Sunday, May 17, 2020: Chores

By noon yesterday the sun had come out, and I went on my downtown stroll yesterday in my broad-brimmed sun hat, wrapped from eyes down in home-made face mask. I felt as if I were wearing a chador. All anyone could see of me were my eyes.

I took the route I used to take when I walked to work. Stopped at the little window where I always said hello to the two little white dogs. Only the smaller one was there, curled up to sleep, and he just opened his eyes briefly to glance at me before returning to his nap. I considered walking through Huntington Park, but it looked too crowded with people. Lots of bare oily skin glinting in the sunlight. I walked around it and headed down the hill towards downtown.

On the surface things seemed normal, except that cafes that usually had at least a few diners were open for take-out, but empty, lights out, chairs piled on tables to prevent anyone from sitting down. I passed occasional boarded up windows and doors, often with signs reading “We’re OPEN!” and instructions for buzzing in or walking around to a smaller entrance. Normally the Union Square area has a lot of pedestrians from the hotels on Saturday, but very few people were out, almost all masked.

San Francisco’s Financial District is always a desert on weekends, even more so now. When I reached the library, locked up and dark, not a soul was in sight. I peered through the library’s glass doors, noted the empty desk where a security guard usually sat, the mostly empty stand with a few event flyers I’d set out on my last day before the quarantine — all crossed by a diagonal banner with the optimistic word “POSTPONED” in bold caps. I had to resist the urge to try the door. At that moment I would have given anything to be able to just walk in, greet the guard, and ride the elevator up to the fourth floor and my office.

The only sign of humanity on the block was a solitary, makeshift homeless tent across the street, a blue and white igloo made up of odds and ends of cardboard, Styrofoam, and plastic sheeting. It had a weird, self-contained dignity, that tent, and a care and detail that implied to me it had been there awhile. I hope the cops have decided to leave whomever is crouched inside it alone rather than rousting them and forcing them to the petri dish that is the Tenderloin. I’ve been told lines of tents choke some of the sidewalks there.

I crossed Market, which had no traffic I could see other than occasional buses and lines of young, often unmasked bicyclists pedaling past in segments of three, five, six. Alexander Book Company had not boarded their windows, but had covered them on the inside with brown paper so they looked as blank and desolate as if they had. Someone wrapped in a sleeping bag slumped in their doorway.

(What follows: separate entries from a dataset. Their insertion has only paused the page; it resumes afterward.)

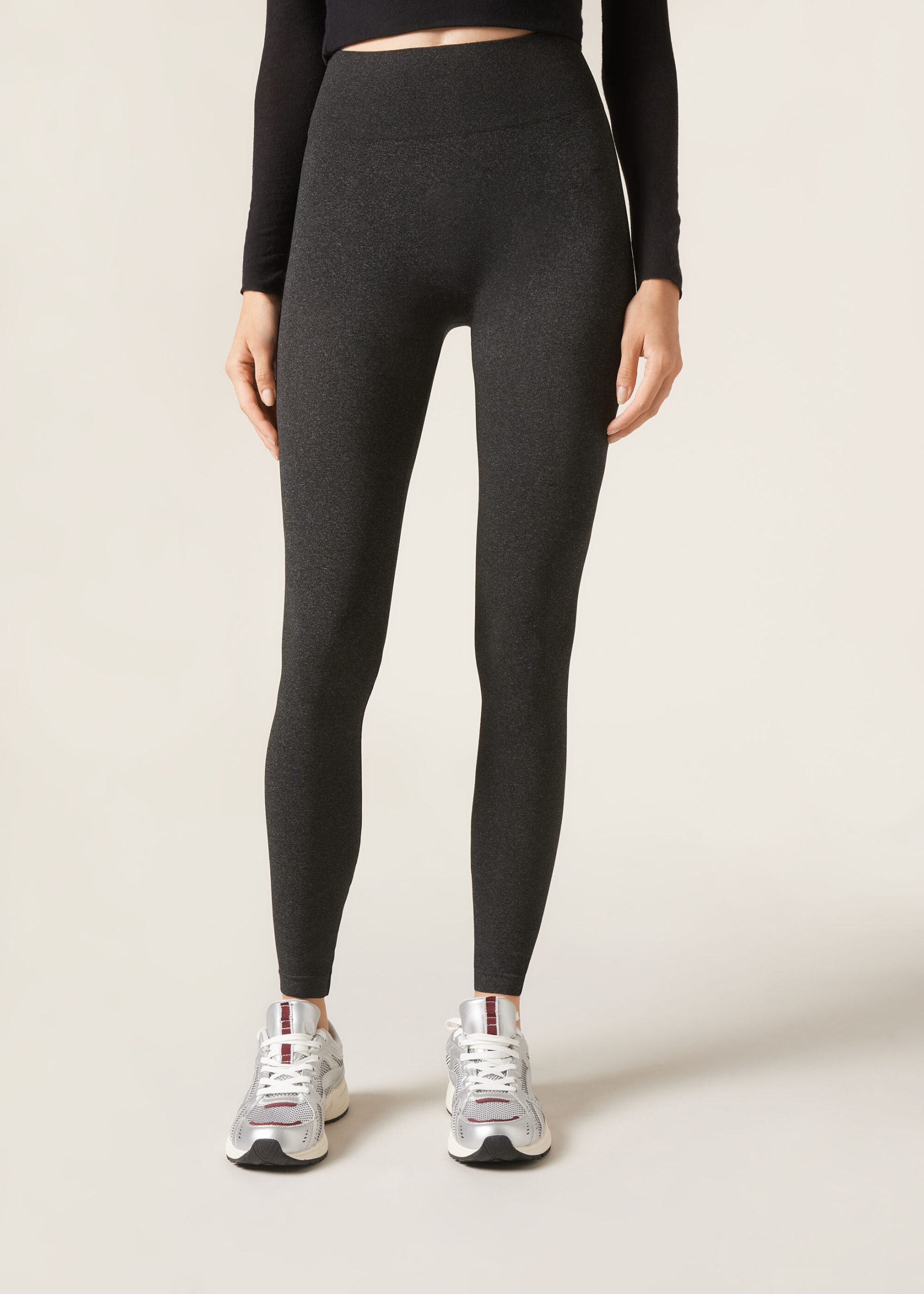 Super opaque leggings in microfiber with a seamless top, comfort waistband and soft cuffs on the bottom.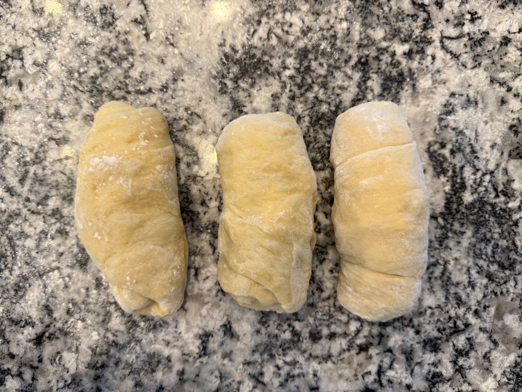 Once the bulk fermentation was complete I divided the dough in half and pre-shaped it. One half was further divided into three logs for a braid. The other half stayed in one piece.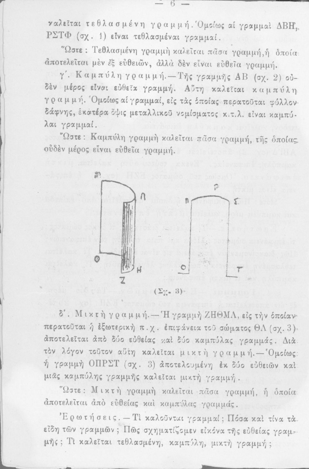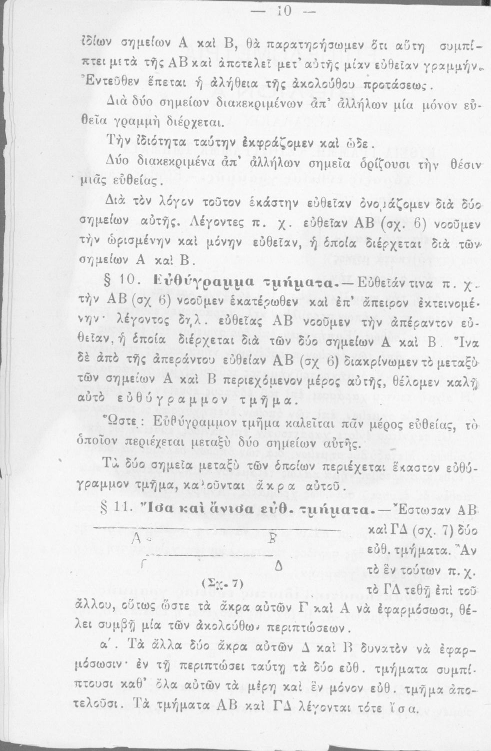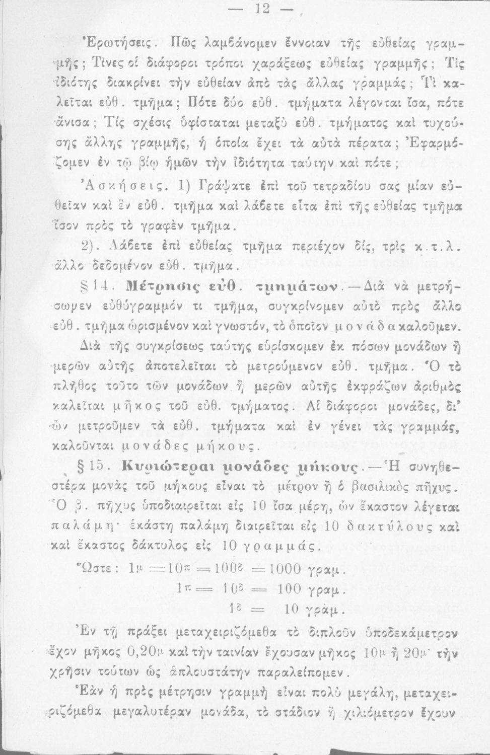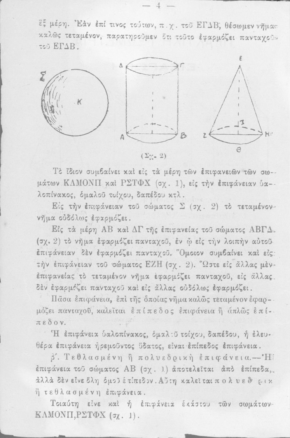 Σχολικό εγχειρίδιο Γεωμετρίας για την Α΄, Β΄ και Γ΄ τάξη των Ελληνικών και Αστικών Σχολείων και Παρθεναγωγείων που είναι χωρισμένο σε Επιπεδομετρία και Στερεομετρία και περιλαμβάνει θεωρία και ασκήσεις.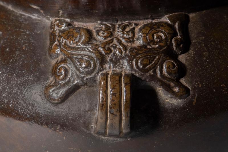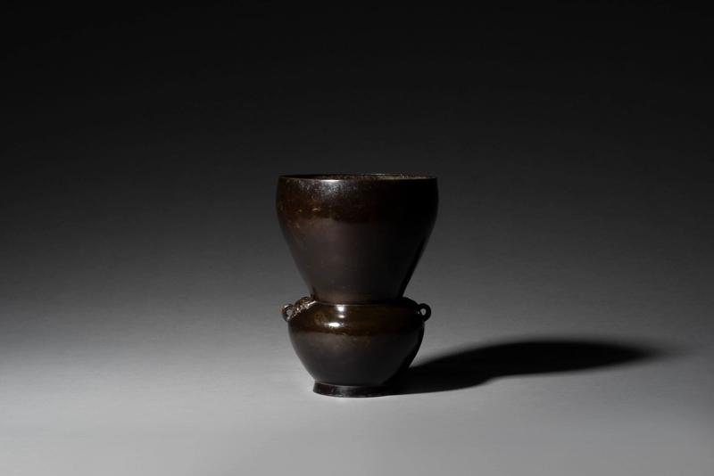 A bronze flower vessel of the so-called ankoh (anglerfish) form with two Taotie mask ‘handles’ on the shoulder in relief.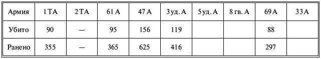 Потери 33-й армии с 15 по 20 апреля составили 1687 человек убитыми, 7213 ранеными, 128 пропавшими без вести, 13 небоевые потери и 206 заболевшими [227] . Общие потери техники 1-го Белорусского фронта 19 апреля составили 105 танков и САУ сгоревшими, 76 танков и САУ подбитыми и еще 8 выведенными из строя по другим причинам [228] . В расчете на подбитые и сгоревшие это был день наибольших потерь в бронетехнике за время наступления.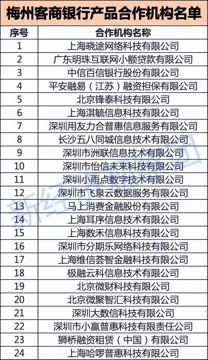 梅州客商银行也在日前发布合作机构名单,包括24家合作获客机构。其中,既有百信银行、马上消金等持牌机构;还有五八同城、哈啰等流量平台,需要指出的是,与此前金融机构相比,作为尾部民营银行的梅州客商银行,合作的头部助贷平台较少,以中部机构为主。

There were things I wanted to pick up, so I took the long way home, climbing the hill back all the way to Polk Street and going into the Golden Market to pick up vegetable oil, celery, and a tin of anchovies. Outside, I kept having to pause and lift my mask to breathe fresh air. As I said, I’ve never been able to stand my mouth and nose being covered, and wearing a face mask exhausts me.

Michael is still filling his days organizing and cleaning. As soon as I walked in he wanted help taking down and cleaning the light fixtures in the kitchen and bathroom, an exhausting, harrowing chore. This apartment is over a century old and the ceilings are high. We borrowed a ladder. Michael climbed up, and, as I held his waist to secure his balance, unscrewed the kitchen light fixture and lifted it down to me so I could give it a wash. Then the long, nerve-wracking ordeal of climbing the ladder again and getting the glass fixture screwed securely back into place so it doesn’t fall on our heads during the next tremor. The bathroom fixture defeated us. I’m afraid the screws were rusted. Michael had to content himself with running a sponge over it. We are both too old for this, and the ladder too short.

As I’d promised, I made beignet dough last night for today’s breakfast, then I used up the avocados for guacamole and made some black bean nachos. We opened a nice bottle of pinot noir, which we had with our meal. Like all good wines, a glass of it leaves you with a sense of security and well-being. We watched Montalbano, listened to the eight o’clock howl as darkness fell.

Outside we could hear the gazebo people laughing and clinking glasses. “Bastards,” Michael muttered.

“You’d like them if you talked to them,” I said. “You always do.”

“No I wouldn’t.”

“Yes you would and we both know it.” Michael is a curmudgeon only in the abstract.

This morning the beignet dough bulged beneath its plastic covering in the refrigerator. I fried up some beignets to have with my coffee. Later I’ll make some more and leave a plate of them, liberally dusted with powdered sugar, outside some of our neighbors’ doors. Outside the usual mountain of fog marches past in the west, but breaks up overhead into white puffs of clouds against blue sky, and sun hits the buildings in the distance.